• Assignment: What are the lines, word for word, from the line with "グラージとドラムロとズサを3" up to and including the line with "Bitte beachten: Rauchmelder." in the records below? Omit the pictures.

• Provided records:
═══
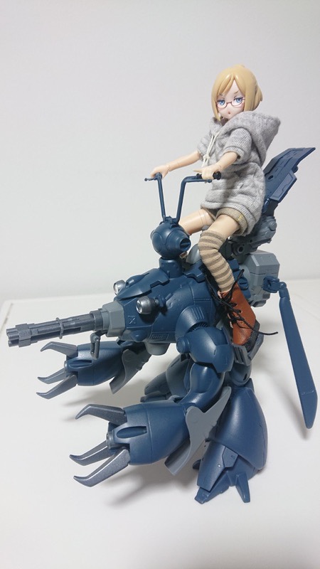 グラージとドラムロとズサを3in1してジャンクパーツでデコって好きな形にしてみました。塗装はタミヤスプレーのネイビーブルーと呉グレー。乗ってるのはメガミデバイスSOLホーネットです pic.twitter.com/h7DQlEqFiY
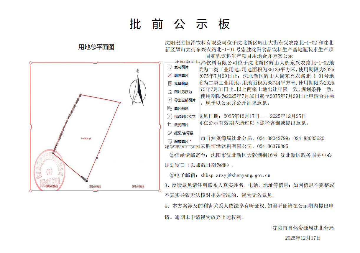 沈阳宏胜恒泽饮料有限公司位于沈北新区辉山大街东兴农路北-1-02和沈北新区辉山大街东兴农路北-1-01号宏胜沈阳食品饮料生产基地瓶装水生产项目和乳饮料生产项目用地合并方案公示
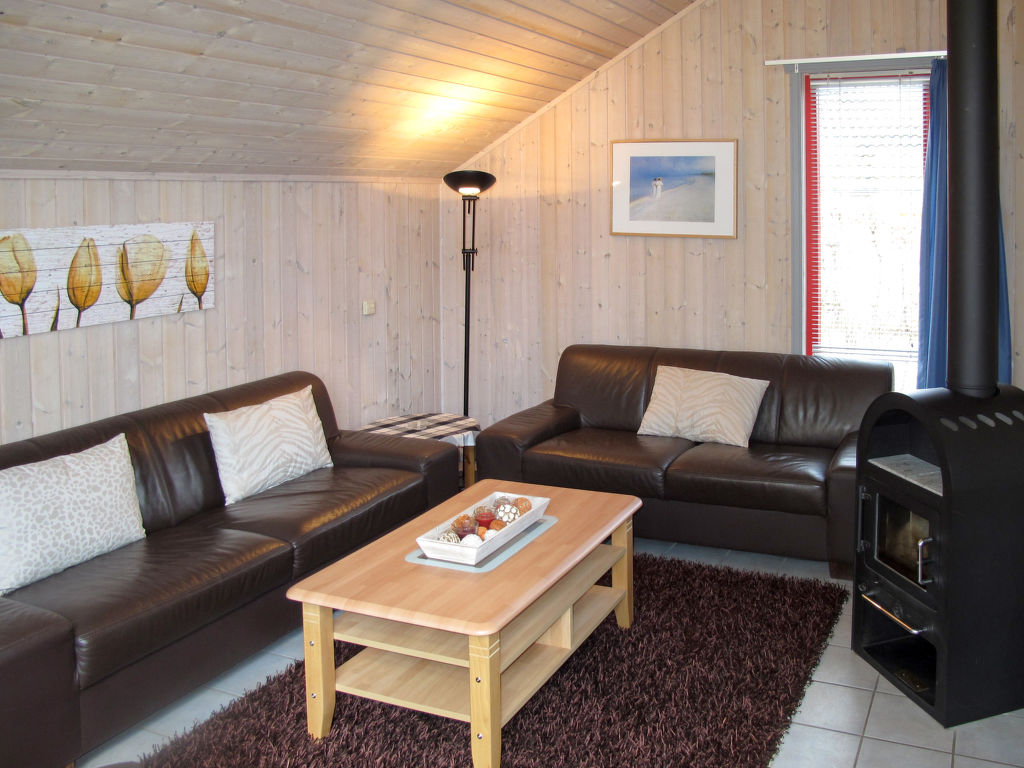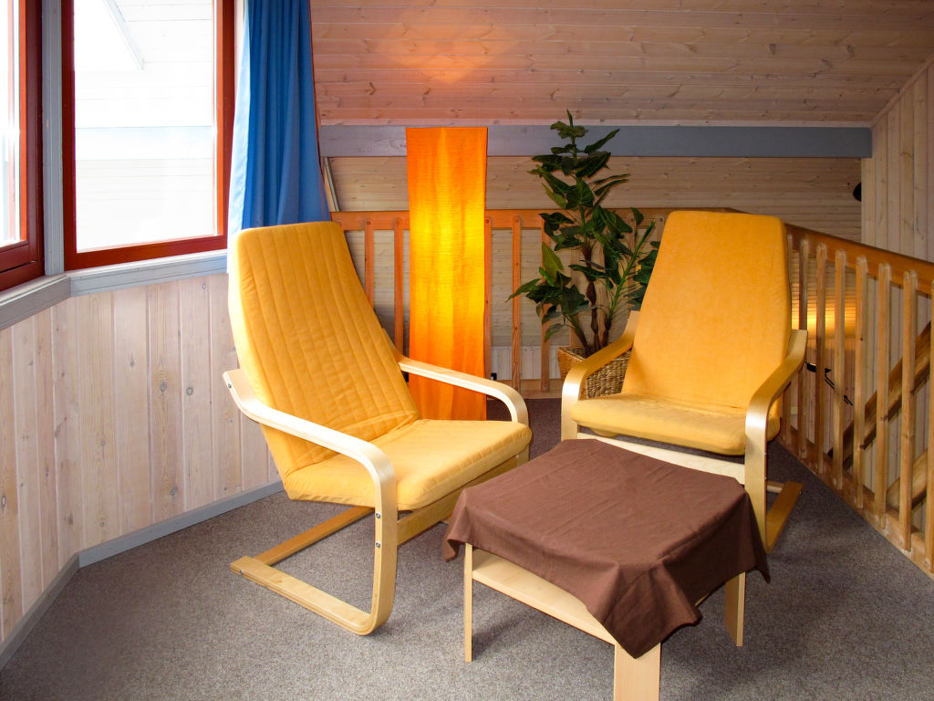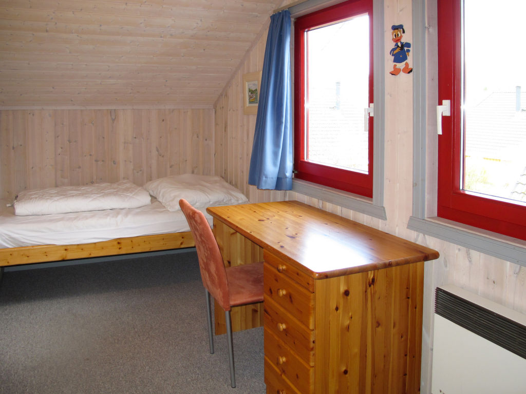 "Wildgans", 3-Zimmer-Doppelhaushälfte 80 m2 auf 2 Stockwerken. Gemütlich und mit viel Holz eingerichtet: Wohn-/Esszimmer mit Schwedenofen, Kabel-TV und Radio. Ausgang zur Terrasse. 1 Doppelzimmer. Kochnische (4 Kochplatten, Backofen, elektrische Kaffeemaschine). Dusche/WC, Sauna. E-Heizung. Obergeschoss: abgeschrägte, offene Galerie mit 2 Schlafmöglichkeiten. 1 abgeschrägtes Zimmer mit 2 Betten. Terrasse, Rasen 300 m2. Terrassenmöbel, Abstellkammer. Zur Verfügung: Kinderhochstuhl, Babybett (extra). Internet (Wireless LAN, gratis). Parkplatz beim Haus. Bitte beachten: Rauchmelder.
═══
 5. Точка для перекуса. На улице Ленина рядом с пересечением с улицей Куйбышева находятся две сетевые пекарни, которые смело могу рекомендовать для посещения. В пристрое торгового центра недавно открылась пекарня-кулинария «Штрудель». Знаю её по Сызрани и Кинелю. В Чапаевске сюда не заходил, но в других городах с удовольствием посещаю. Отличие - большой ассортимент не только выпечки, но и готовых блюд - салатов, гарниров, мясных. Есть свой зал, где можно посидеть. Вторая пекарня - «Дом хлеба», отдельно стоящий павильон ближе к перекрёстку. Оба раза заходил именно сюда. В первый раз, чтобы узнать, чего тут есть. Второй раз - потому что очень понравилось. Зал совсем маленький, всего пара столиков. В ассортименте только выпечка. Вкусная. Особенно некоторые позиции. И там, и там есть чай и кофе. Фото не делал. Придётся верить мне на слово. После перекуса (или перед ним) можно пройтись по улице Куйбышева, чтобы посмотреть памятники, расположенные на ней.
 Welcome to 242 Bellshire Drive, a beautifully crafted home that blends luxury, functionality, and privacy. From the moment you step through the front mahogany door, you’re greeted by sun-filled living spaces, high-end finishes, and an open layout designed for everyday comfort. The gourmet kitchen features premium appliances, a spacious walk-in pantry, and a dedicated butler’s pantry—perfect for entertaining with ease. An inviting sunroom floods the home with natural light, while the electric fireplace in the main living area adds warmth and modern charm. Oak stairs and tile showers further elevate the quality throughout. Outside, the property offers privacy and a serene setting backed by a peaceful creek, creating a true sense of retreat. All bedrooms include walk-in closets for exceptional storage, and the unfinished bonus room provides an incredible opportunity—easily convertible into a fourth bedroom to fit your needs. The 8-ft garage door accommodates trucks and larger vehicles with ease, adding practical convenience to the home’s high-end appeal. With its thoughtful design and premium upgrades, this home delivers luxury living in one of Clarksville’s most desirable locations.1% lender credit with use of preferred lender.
═══
• Output for this exercise:
 グラージとドラムロとズサを3in1してジャンクパーツでデコって好きな形にしてみました。塗装はタミヤスプレーのネイビーブルーと呉グレー。乗ってるのはメガミデバイスSOLホーネットです pic.twitter.com/h7DQlEqFiY
 沈阳宏胜恒泽饮料有限公司位于沈北新区辉山大街东兴农路北-1-02和沈北新区辉山大街东兴农路北-1-01号宏胜沈阳食品饮料生产基地瓶装水生产项目和乳饮料生产项目用地合并方案公示
 "Wildgans", 3-Zimmer-Doppelhaushälfte 80 m2 auf 2 Stockwerken. Gemütlich und mit viel Holz eingerichtet: Wohn-/Esszimmer mit Schwedenofen, Kabel-TV und Radio. Ausgang zur Terrasse. 1 Doppelzimmer. Kochnische (4 Kochplatten, Backofen, elektrische Kaffeemaschine). Dusche/WC, Sauna. E-Heizung. Obergeschoss: abgeschrägte, offene Galerie mit 2 Schlafmöglichkeiten. 1 abgeschrägtes Zimmer mit 2 Betten. Terrasse, Rasen 300 m2. Terrassenmöbel, Abstellkammer. Zur Verfügung: Kinderhochstuhl, Babybett (extra). Internet (Wireless LAN, gratis). Parkplatz beim Haus. Bitte beachten: Rauchmelder.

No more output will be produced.